As I went lazily on my scooter on the road, going to the nearest town, mulling over the credits and debits of life, the red signal flashed in the rear-view mirror. Instantly I left the entire road to the red-gallant. You are blameworthy if you don’t do it, especially in case of angry red bigger vehicles than yours. Do it to avoid any gruesome spectacle. As it passed arbitrarily shoving away any opposition, flaunting its extraordinary stature, the windy storm was enough to shake me and my tiny two-wheeled machine. My stewardship pretty heavily shaken, I went still slower.

After fifteen minutes, I reached a congested crossing in the town. On a packed road in towns, the two wheelers carry some advantage. They need little space so that you can maneuver among the bigger vehicles stranded for space. As I slowly trudged ahead, I saw the red car. I crossed it with a self-styled smirk. The tortoises still win the races, after all. The Indian roads are a great leveler.
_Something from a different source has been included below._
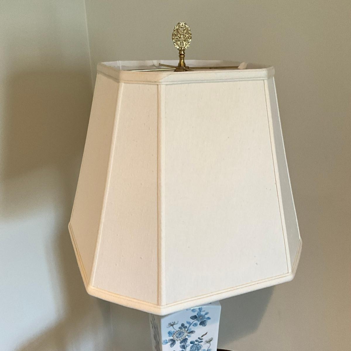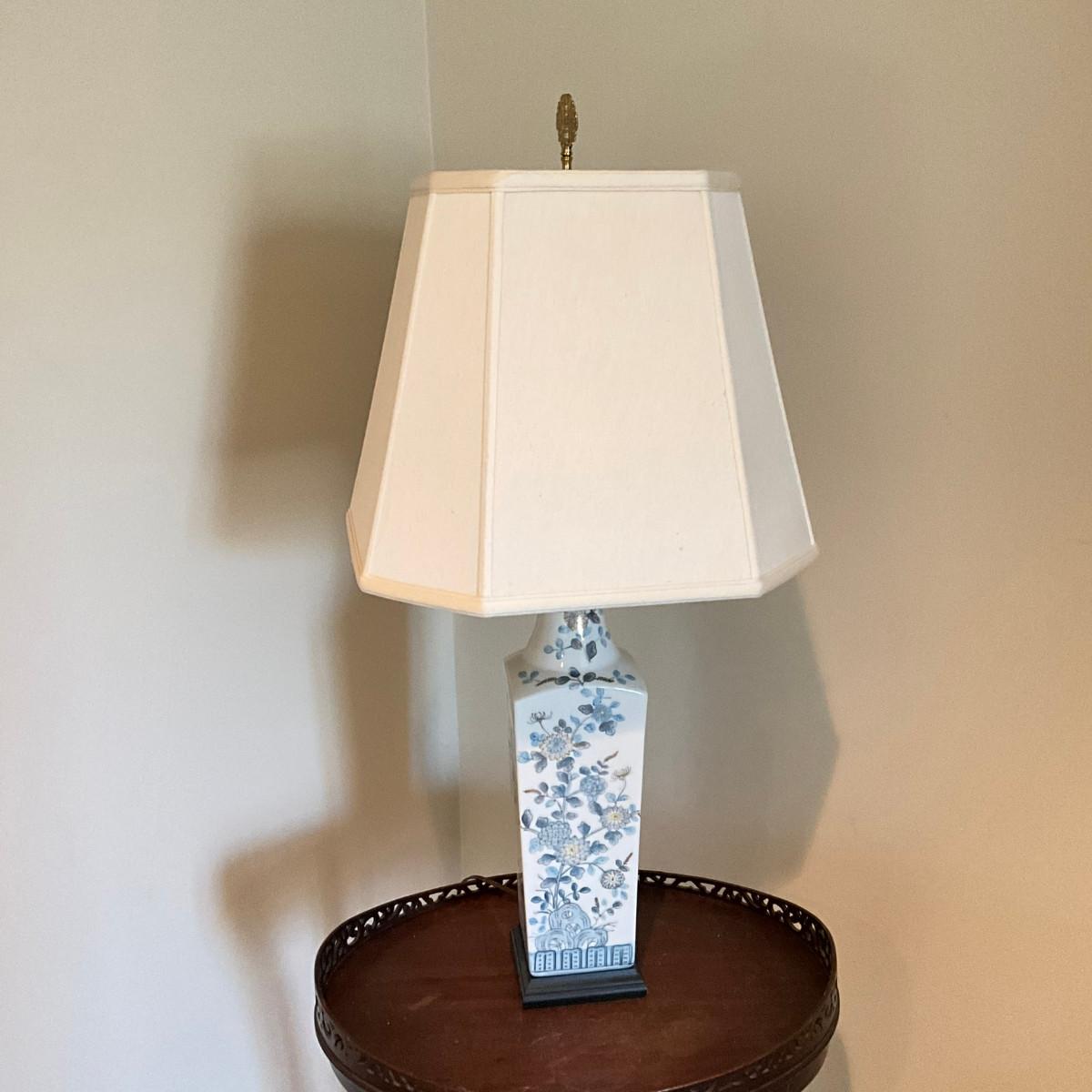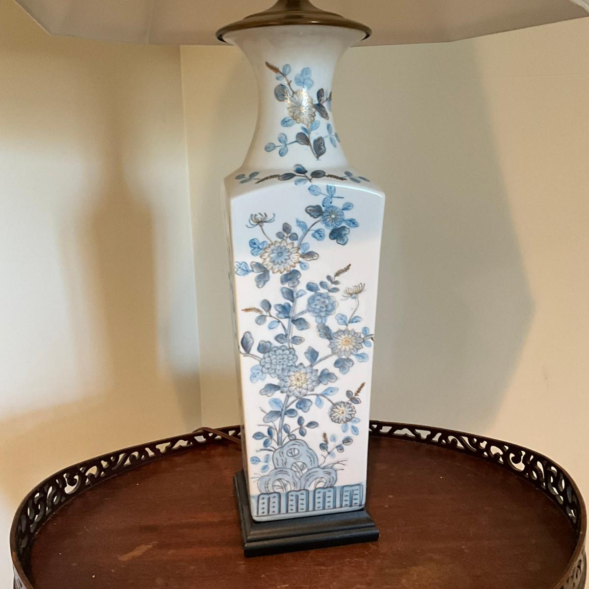 366 Vintage Blue & White Floral Porcelain Lamp With Shade

To allay the fears of slow movers, let me point out that the costliest cars cannot fly. And the pony carts and slow guys like me have as much chance in reaching the destination as any of the costliest, reddest car.

Then there was a sight to behold my attention in the town. A golden retriever proves that it’s indeed a capable retriever. At the confectionary shop, it knows which biscuits to retrieve to match the spools of pleasantry in its mood. With an admixture of loyalty and authority, it walks by the side of its master, safely holding the biscuit packet in its mouth.